He just kept muttering to himself "stabby stabby stabby stabby" while we were boning. I will never be boning him again.
Just lit a joint with steel wool and a 9 volt battery... thank you 3rd grade science class
I just woke up wearing the O-ring from my dildo harness as a bracelet. Classy.
He literally stopped in the middle of sex to look up sex positions on his iPhone...
Restaurants Roasting People Who Gave Them Negative Yelp Reviews (25 Pics)

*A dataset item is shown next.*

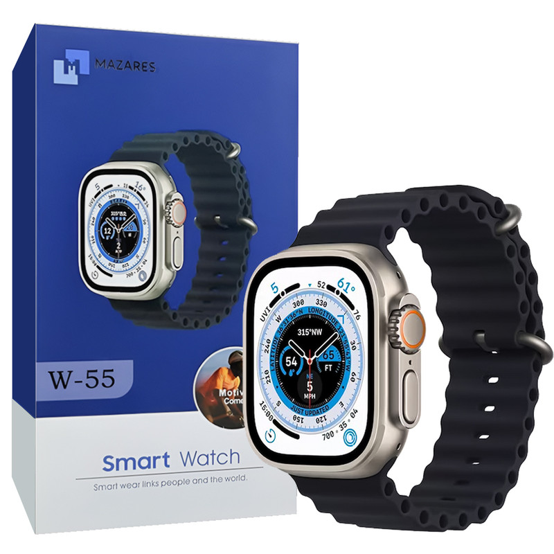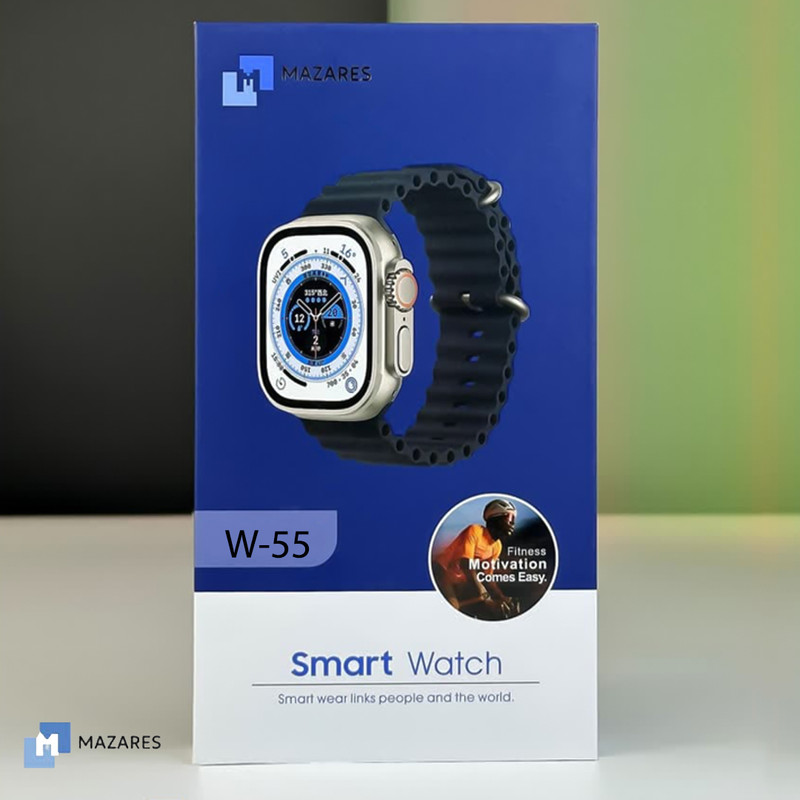 ساعت هوشمند W-55 یک نسخه جدید دیگری از سری W ساعت های هوشمند است که توجه بسیاری از مردم جهان را به خود جلب کرده است. این ساعت به شکل مربعی ساخته شده است که ظاهری مشابه ساعت اپل واچ دارد. علاوه بر این، دماسنج، مانیتور ضربان قلب، تماس بلوتوثی و مانیتور اکسیژن خون را دارا است. همچنین دارای امتیاز ضد آب IP68 است. قسمت پشتی ساعت دارای حسگر ضربان قلب است. همچنین دارای اتصال مغناطیسی برای شارژ است. دارای اسپیکر و میکروفون و باتری 160 میلی آمپر با قابلیت تعویض بند میباشد.

We literally played a game called pass the child which consisted of us shitfaced tossing the 5 year old birthday boy at each other
What is the protocol for an "i'm sorry I had my ex retrieve me from the bar so I didn't drive drunk" blow job
I fed him pizza in bed. I'm probably the best one night stand ever.

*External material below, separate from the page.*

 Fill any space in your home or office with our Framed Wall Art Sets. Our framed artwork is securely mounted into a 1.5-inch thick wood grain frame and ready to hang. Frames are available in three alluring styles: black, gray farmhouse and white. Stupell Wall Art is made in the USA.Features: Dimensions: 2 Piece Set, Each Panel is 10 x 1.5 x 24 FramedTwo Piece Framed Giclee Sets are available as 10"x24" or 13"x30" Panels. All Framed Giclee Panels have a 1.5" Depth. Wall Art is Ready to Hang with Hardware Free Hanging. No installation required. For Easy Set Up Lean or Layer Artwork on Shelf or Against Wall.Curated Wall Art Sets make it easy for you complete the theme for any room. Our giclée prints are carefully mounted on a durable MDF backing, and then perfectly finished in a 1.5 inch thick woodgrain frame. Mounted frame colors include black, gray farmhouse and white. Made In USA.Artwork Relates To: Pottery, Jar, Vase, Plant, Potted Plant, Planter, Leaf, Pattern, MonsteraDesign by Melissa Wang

Who shows up to work two weeks ago still drunk and freshly high on blow and gets a promotion and a raise? This girl. Good at business. Super good at being fucked up.

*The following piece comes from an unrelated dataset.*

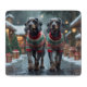 This festive design captures the joyful spirit of the holiday season, featuring an adorable dogs.Nestled in a winter wonderland, complete with a decorated Christmas tree, and beautifully wrapped presents. Snowflakes gently fall, adding a magical touch to the scene, while the vibrant colours of the holiday decorations create a warm and cheerful atmosphere.

Made out with a mannequin all morning in cpr training, so im ready to party
Woman Posts Harassing DMs From Creep Online, Now He’s Upset Because People Told His Mom
I just rode a horse than walked onto my property in boarshorts, flip flops, and holding a 40. What do I win?
In Punta Cana for my bachelor trip, hopefully tomorrow my passport is blacklisted
I'm going to ride your dick until it falls off. That horny.
I'm equal parts terrified and turned on. Come over.
dude. I can hear the air.
She told me I’m a “stunt cock.” I’m okay with that
She was blacked out at her own party. It felt good to stand next to her while she laid on the floor and say "vomit does not look good on you."